А рассказывает он изумительно. Например, любит побаску о банях. Начинает обычно с того, что «вот когда вас и на свете не было и я еще малолетком был, стояла неподалеку баня, — и, скажу вам, какая баня! — и водились в ней дородные жабы».

В этом месте Писахов стремится изобразить жабу: весь сгибается, плечи нависают над головой, глаза расширяются. И начинает рассказывать, какие удивительные были в бане полки и скамейки, какой скользкий пол, какой сочный ароматный жар и какие веники. А закончит тем, что вот вы намылись и выходите истомленные, пропаренные и прожаренные, и изнеженные, как английская королева из ванны, и в это время по вашим ногам прыгают огромные скользкие жабы… Приятно!

И лицо Степана Григорьевича расцветает. А потом он накидывает новое драповое пальто с каракулевым воротникам, которым так гордится, и, опираясь на тросточку, ведет по набережной вдоль Кузнечихи, по мосту. Постукивая палкой по точеным тумбам, бормочет: «Чудеса в решете… Да какие там пальмы, к черту их. Мне тут путевку давали в Крым. Я уж распланировал, куда съезжу да что посмотрю. И чемодан упаковал. Да только потом плюнул и отказался.
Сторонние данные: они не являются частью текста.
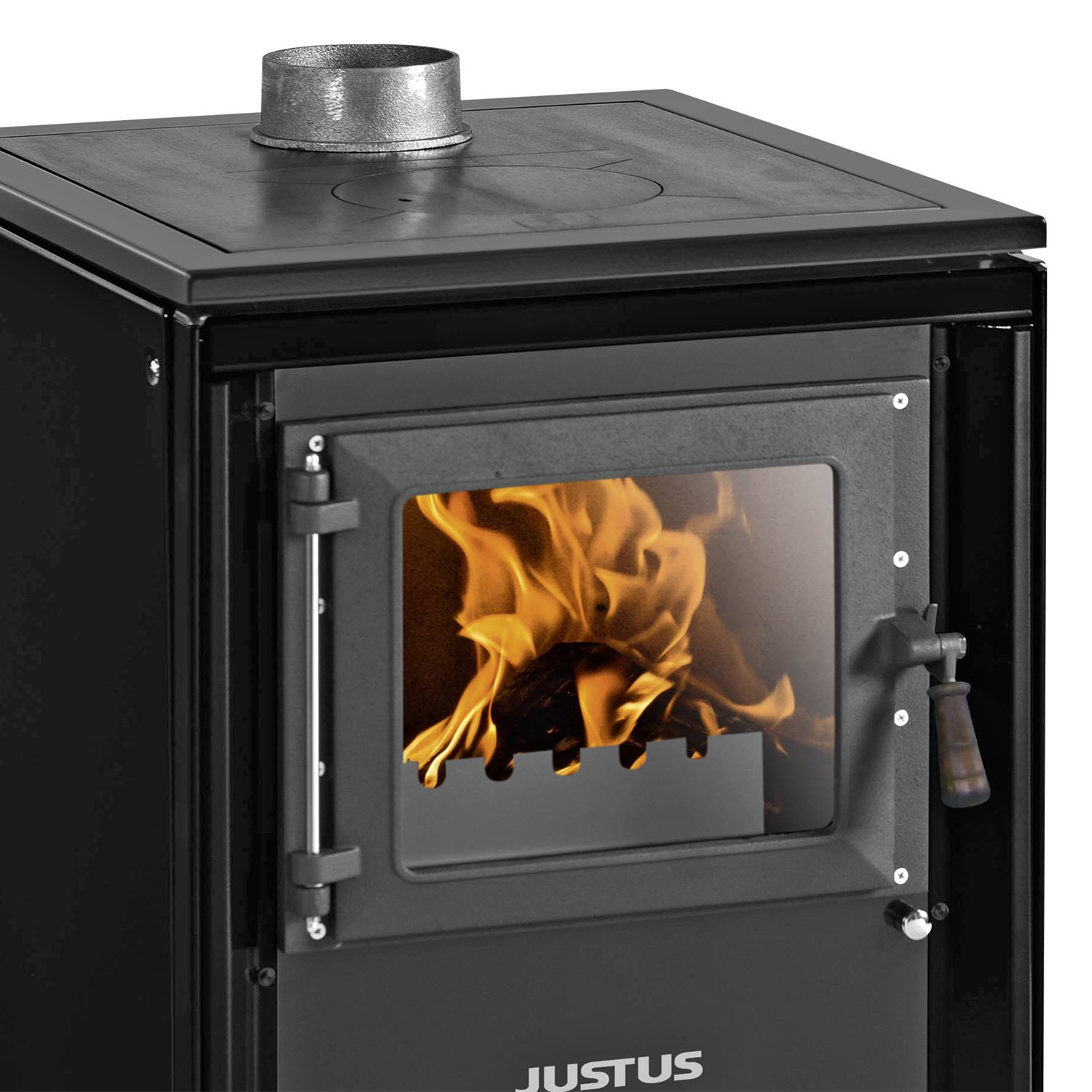 Justus Rustico-50 2.0 – 7 kW Küchenofen Schwarz mit Kochplatte & Scheibenspülung
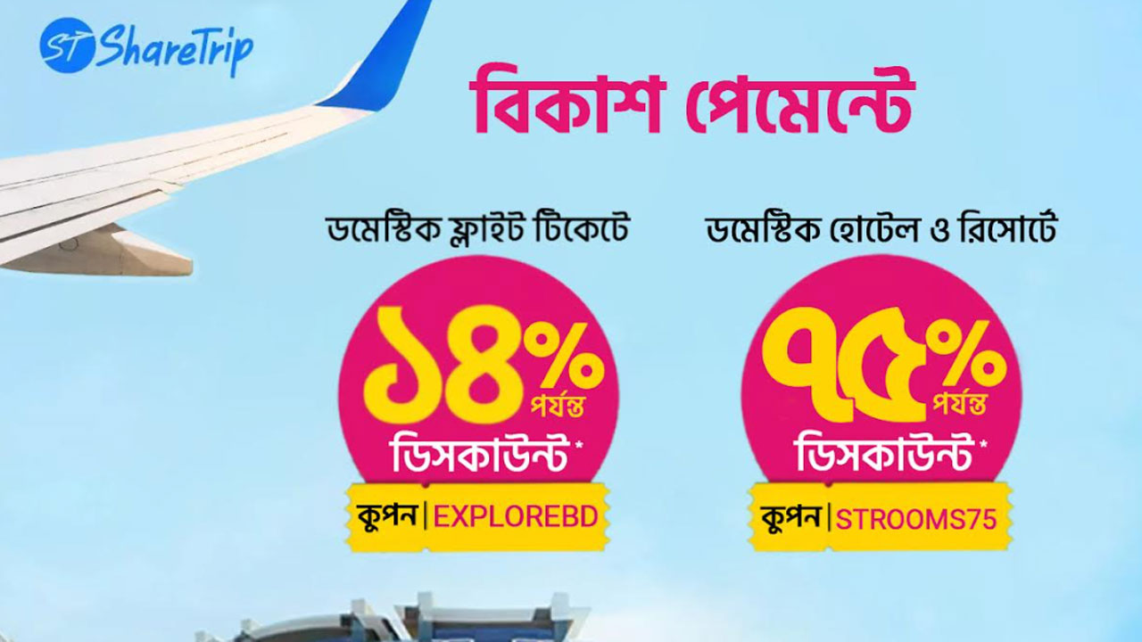 শেয়ার ট্রিপে টিকিট বুকিংয়ে বিকাশ পেমেন্টে আকর্ষণীয় ছাড়
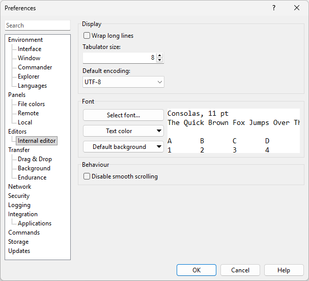 The Internal Editor page on the Preferences dialog allows you to configure options for internal editor.
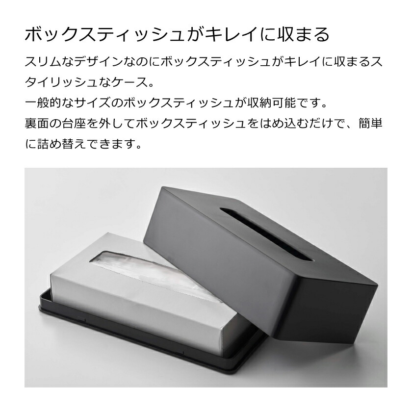 | 対応サイズ | 高さ約7cmまでの一般的なティッシュボックス ※枚数の目安:200組(400枚)以内 |
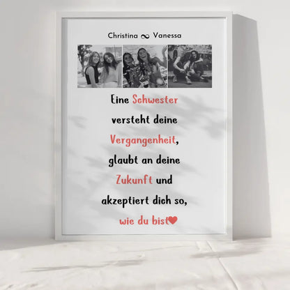 Du möchtest mal wieder etwas einzigartiges verschenken? unser Poster Schwester Personalisiert Eine Schwester versteht 3 Fotos Black & White das perfekte personalisierbare Geschenk.
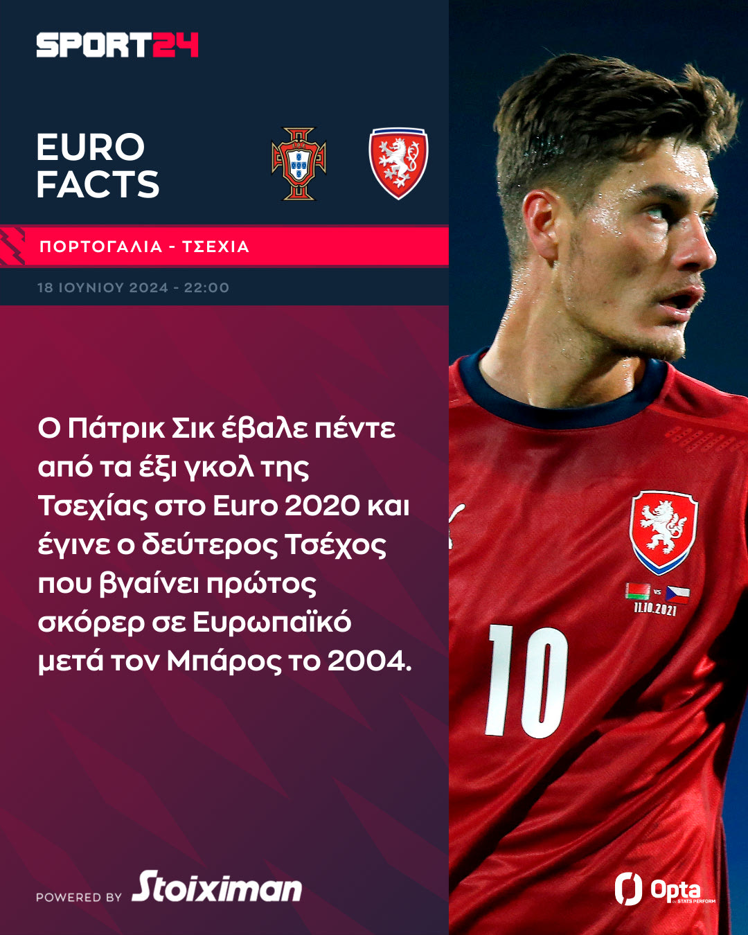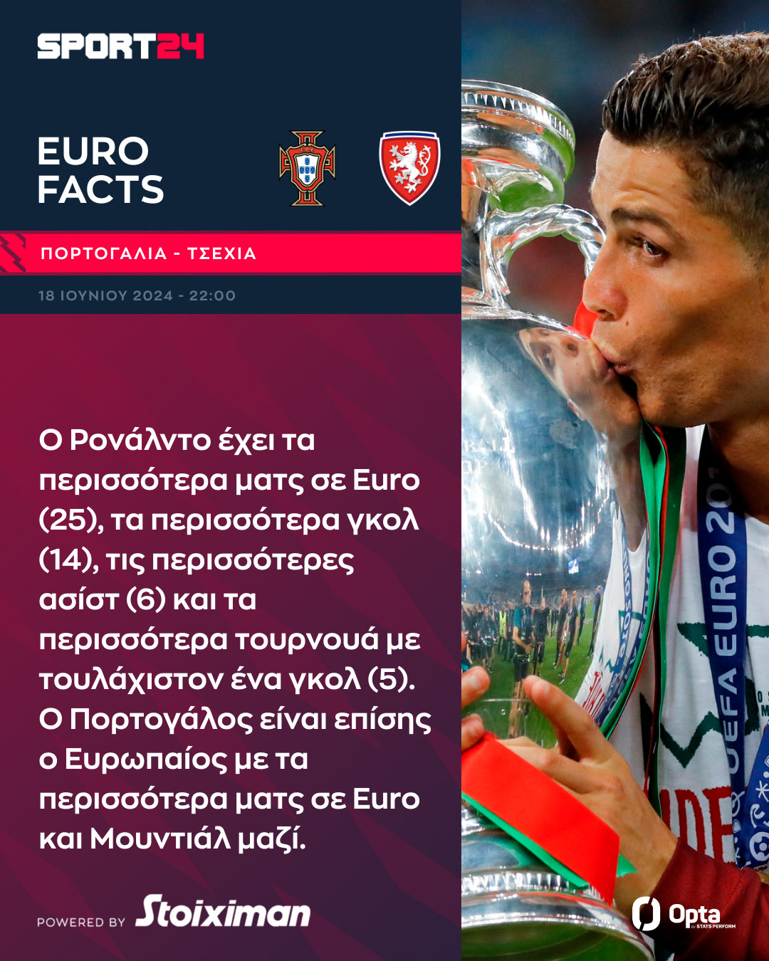 Πορτογαλία και Τσεχία ρίχνουν την αυλαία της πρώτης αγωνιστικής του Euro 2024 και το SPORT24 σας παρουσιάζει μερικά χρήσιμα Facts ενόψει της σπουδαίας αναμέτρησης, πάντα με τη βοήθεια της Opta.
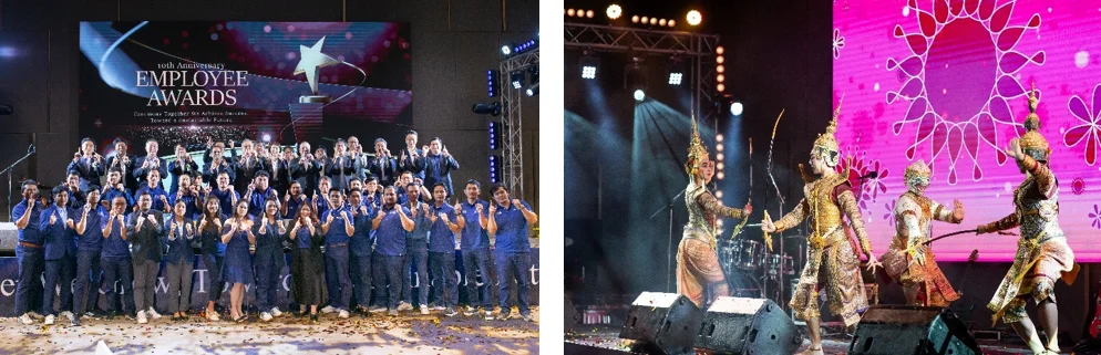祝賀パーティ冒頭では勤続10年の従業員表彰も行われ、タイ伝統のパフォーマンスが披露される盛大なイベントとなった。OB・OGも参加し、従業員が再会を喜ぶ姿も見られ、明るく風通しの良い社風を感じられるひと時を過ごした。
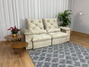ofá Pop Retrátil com Almofadas Soltas 3 Lugares Tecido Veludo 2.00cm Vicam
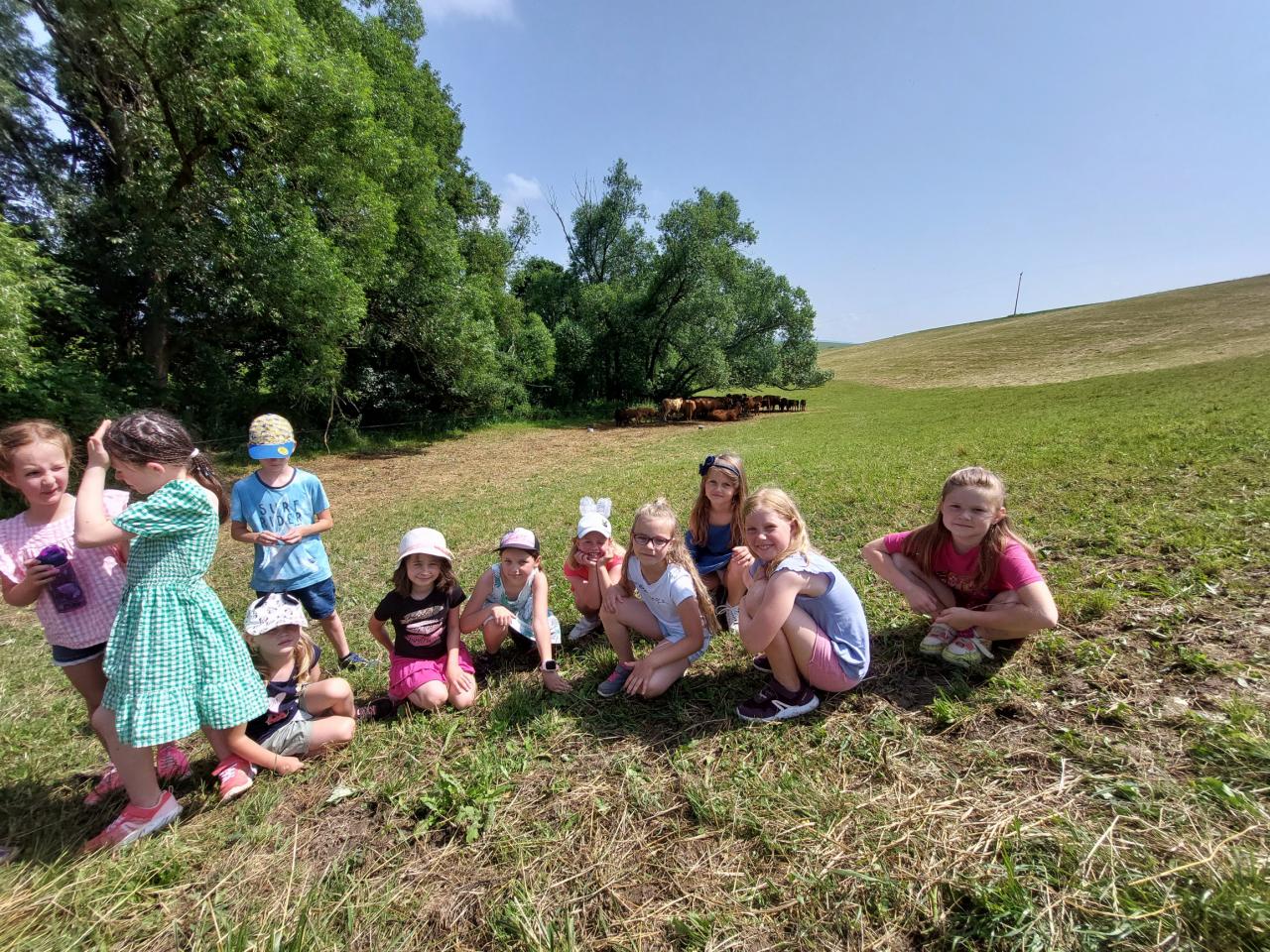 Ve čtvrtek žáci prvního a druhého ročníku navštívili Ekofarmu v Dolní Lhotě, kde nás srdečně přivítal pan J. Masař. Děti poznávaly pšenici, oves a společně si také povyprávěli proces, který vede k výrobě chleba. Pak jsme zamířili na pastvu ke stádu krav, kde zazněla spousta zajímavostí o těchto zvířatech. Např. jestli má kráva zuby, čím se živí telátka po narození a kdy se učí chodit, co je struk, jalovice a spousta dalších. Moc děkujeme za velmi zajímavé a milé setkání a těšíme se na další.

Куда же я отсюда?..»

И если вы поймете его старческое дребезжание, доверительно расскажет, как болел: «Маня всячески перевертывало, но оставило на сем свете. Ноги болели. Едва передвигался по комнате. В глазах стало двоиться. Доктора уложили в кровать. Пугнули параличом. Казалось, что до края дошел. Доктора ласково и заботливо оттолкнули от края. Настигло совершеннолетие двадцать пятого октября пятьдесят девятого года. Стукнуло восемьдесят. Благополучно прошло. Надо подготовиться к девяностолетию…»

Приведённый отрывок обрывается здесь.